**WHAT NEEDS TO BE DONE:**
Would you copy exactly the lines in the data below from the one that has "7月23日(土)12:00~" through the one that has "Подвесной светильник Sputnik", dropping any pictures?

**DATA EXTRACT:**
■ ■ ■

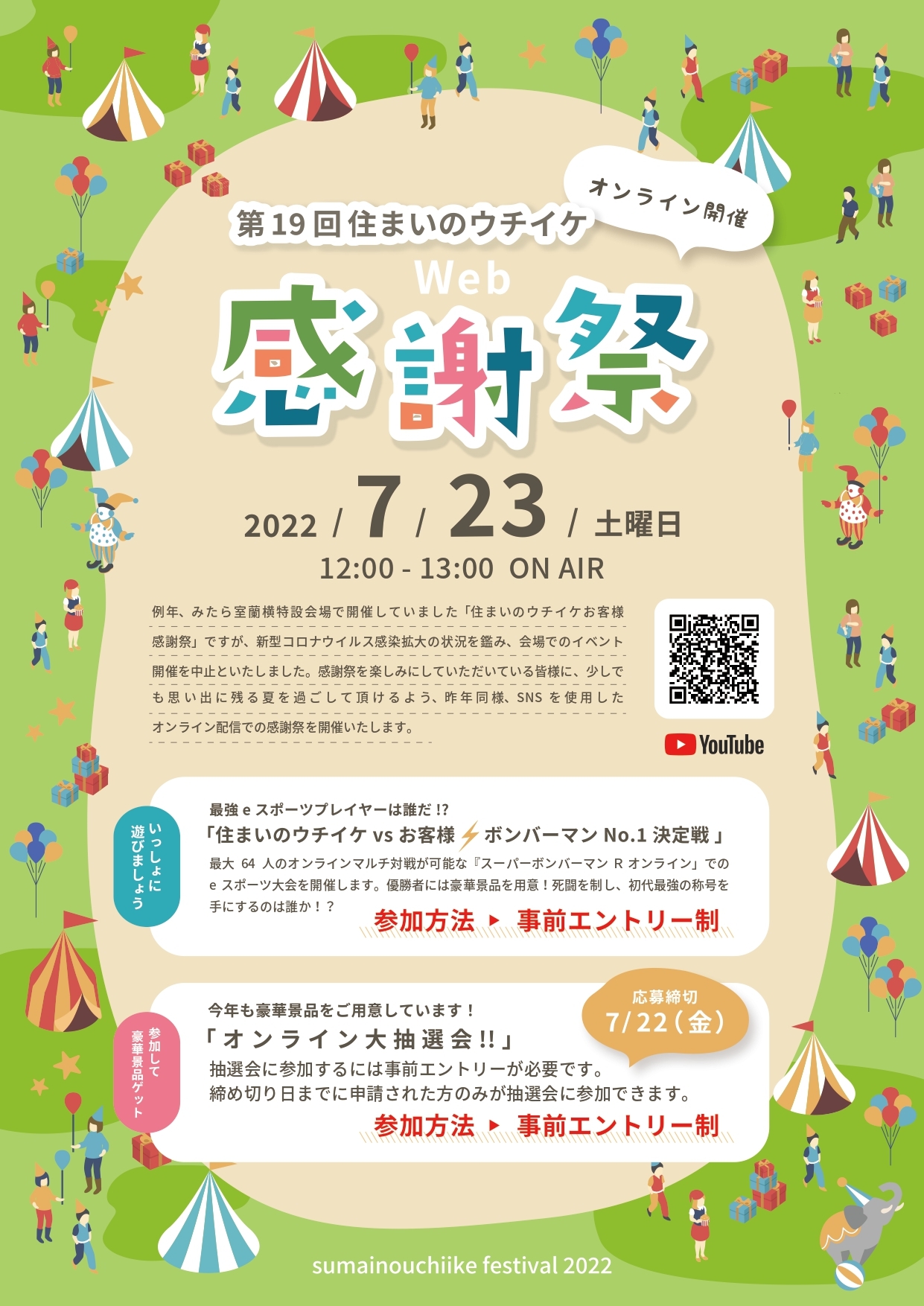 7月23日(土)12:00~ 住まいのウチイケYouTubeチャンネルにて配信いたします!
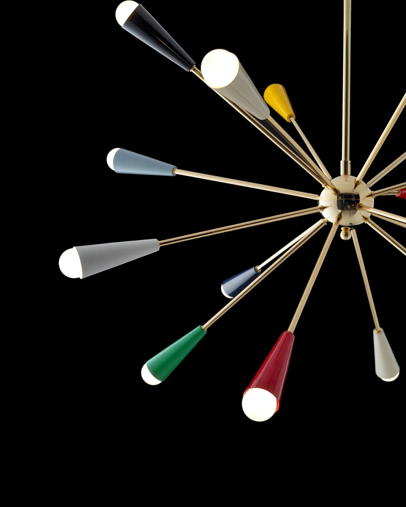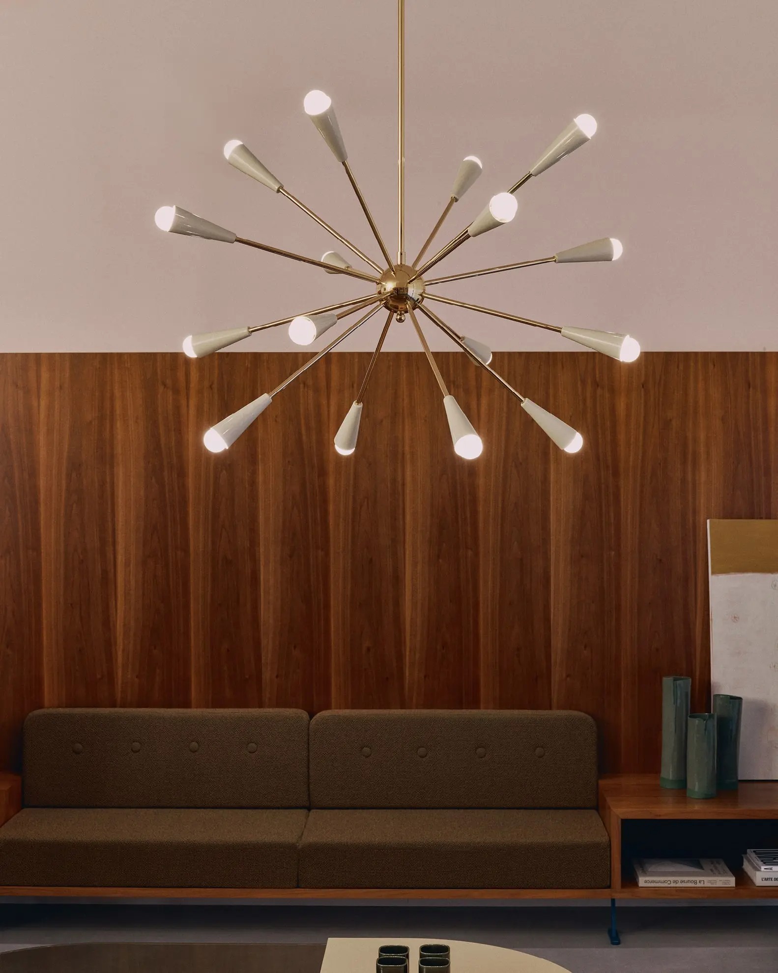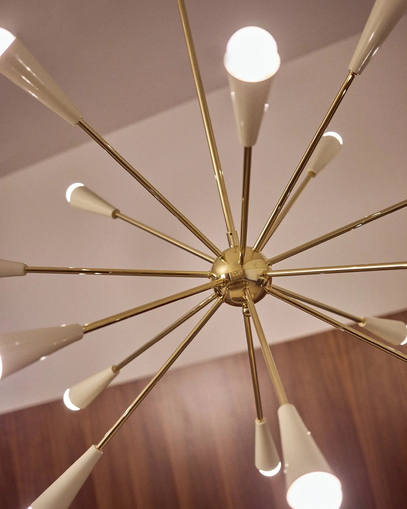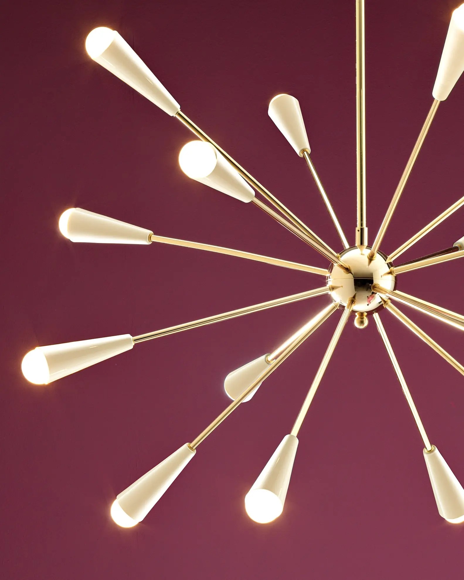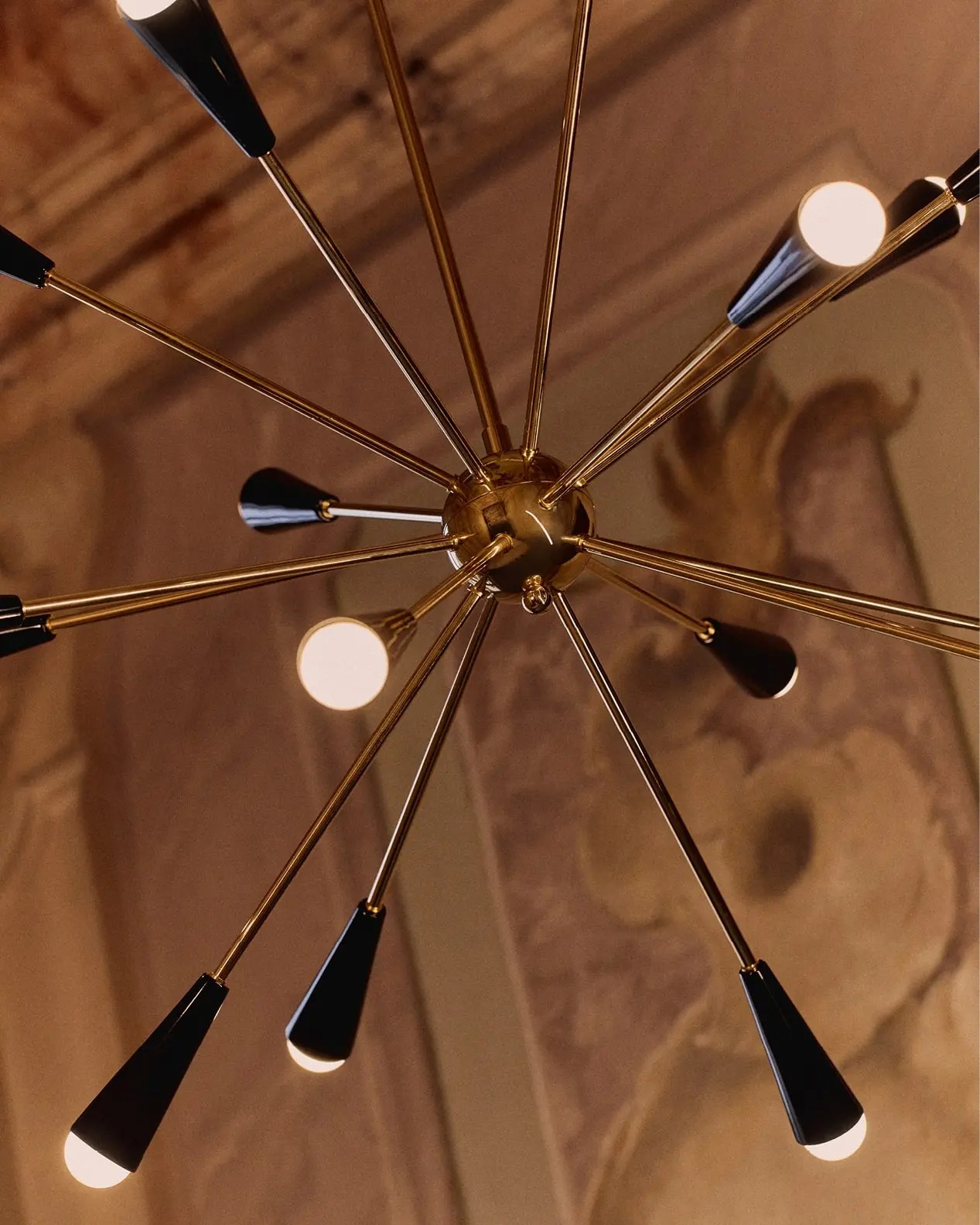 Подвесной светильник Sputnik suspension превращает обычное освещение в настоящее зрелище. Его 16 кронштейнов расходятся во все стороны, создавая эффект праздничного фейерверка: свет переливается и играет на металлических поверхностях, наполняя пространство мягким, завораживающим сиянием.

■ ■ ■

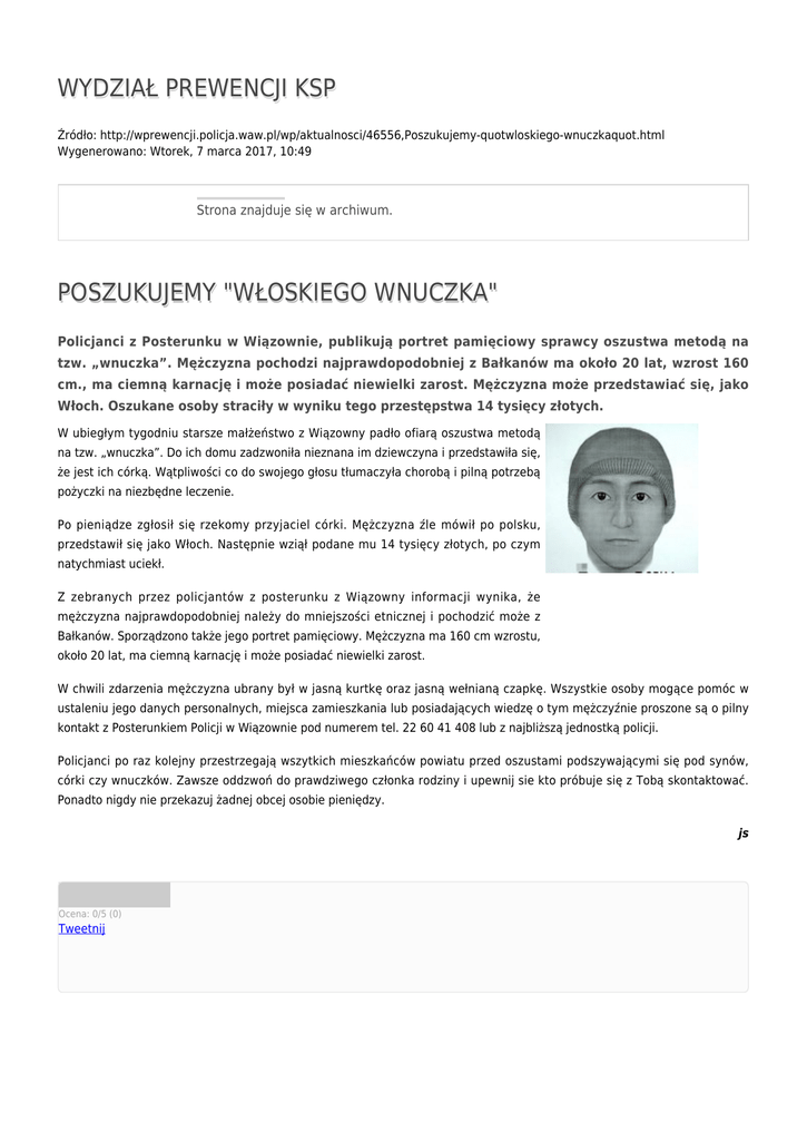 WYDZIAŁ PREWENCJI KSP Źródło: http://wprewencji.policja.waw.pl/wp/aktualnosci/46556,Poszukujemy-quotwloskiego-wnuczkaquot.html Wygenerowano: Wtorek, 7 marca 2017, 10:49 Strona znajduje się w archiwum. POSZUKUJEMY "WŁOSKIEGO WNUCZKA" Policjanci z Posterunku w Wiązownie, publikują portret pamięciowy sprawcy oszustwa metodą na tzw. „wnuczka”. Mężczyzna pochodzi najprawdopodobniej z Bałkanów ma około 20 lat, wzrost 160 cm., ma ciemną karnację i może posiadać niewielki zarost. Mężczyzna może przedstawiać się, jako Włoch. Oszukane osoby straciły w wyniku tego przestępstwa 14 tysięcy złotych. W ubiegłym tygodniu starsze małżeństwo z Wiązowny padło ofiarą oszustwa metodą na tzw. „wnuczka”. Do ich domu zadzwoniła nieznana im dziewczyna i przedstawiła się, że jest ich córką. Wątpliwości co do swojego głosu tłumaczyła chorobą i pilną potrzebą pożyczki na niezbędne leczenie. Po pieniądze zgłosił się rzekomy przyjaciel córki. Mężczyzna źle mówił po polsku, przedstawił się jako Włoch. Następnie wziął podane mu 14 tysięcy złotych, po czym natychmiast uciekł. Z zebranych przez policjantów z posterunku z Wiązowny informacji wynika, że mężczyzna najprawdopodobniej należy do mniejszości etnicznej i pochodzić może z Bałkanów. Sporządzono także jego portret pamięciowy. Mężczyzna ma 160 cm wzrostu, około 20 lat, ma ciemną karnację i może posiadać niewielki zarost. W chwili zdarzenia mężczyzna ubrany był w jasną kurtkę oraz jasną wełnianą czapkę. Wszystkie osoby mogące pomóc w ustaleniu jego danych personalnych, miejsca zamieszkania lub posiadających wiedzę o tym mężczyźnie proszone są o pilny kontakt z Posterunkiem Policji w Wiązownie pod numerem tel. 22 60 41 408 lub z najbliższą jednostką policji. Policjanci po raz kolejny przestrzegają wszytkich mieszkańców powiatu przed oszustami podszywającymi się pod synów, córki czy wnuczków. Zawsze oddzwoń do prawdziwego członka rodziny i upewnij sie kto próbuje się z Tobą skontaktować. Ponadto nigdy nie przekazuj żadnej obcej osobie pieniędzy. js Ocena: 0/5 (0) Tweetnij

■ ■ ■

**RESULT OF THE TASK:**
 7月23日(土)12:00~ 住まいのウチイケYouTubeチャンネルにて配信いたします!
 Подвесной светильник Sputnik suspension превращает обычное освещение в настоящее зрелище. Его 16 кронштейнов расходятся во все стороны, создавая эффект праздничного фейерверка: свет переливается и играет на металлических поверхностях, наполняя пространство мягким, завораживающим сиянием.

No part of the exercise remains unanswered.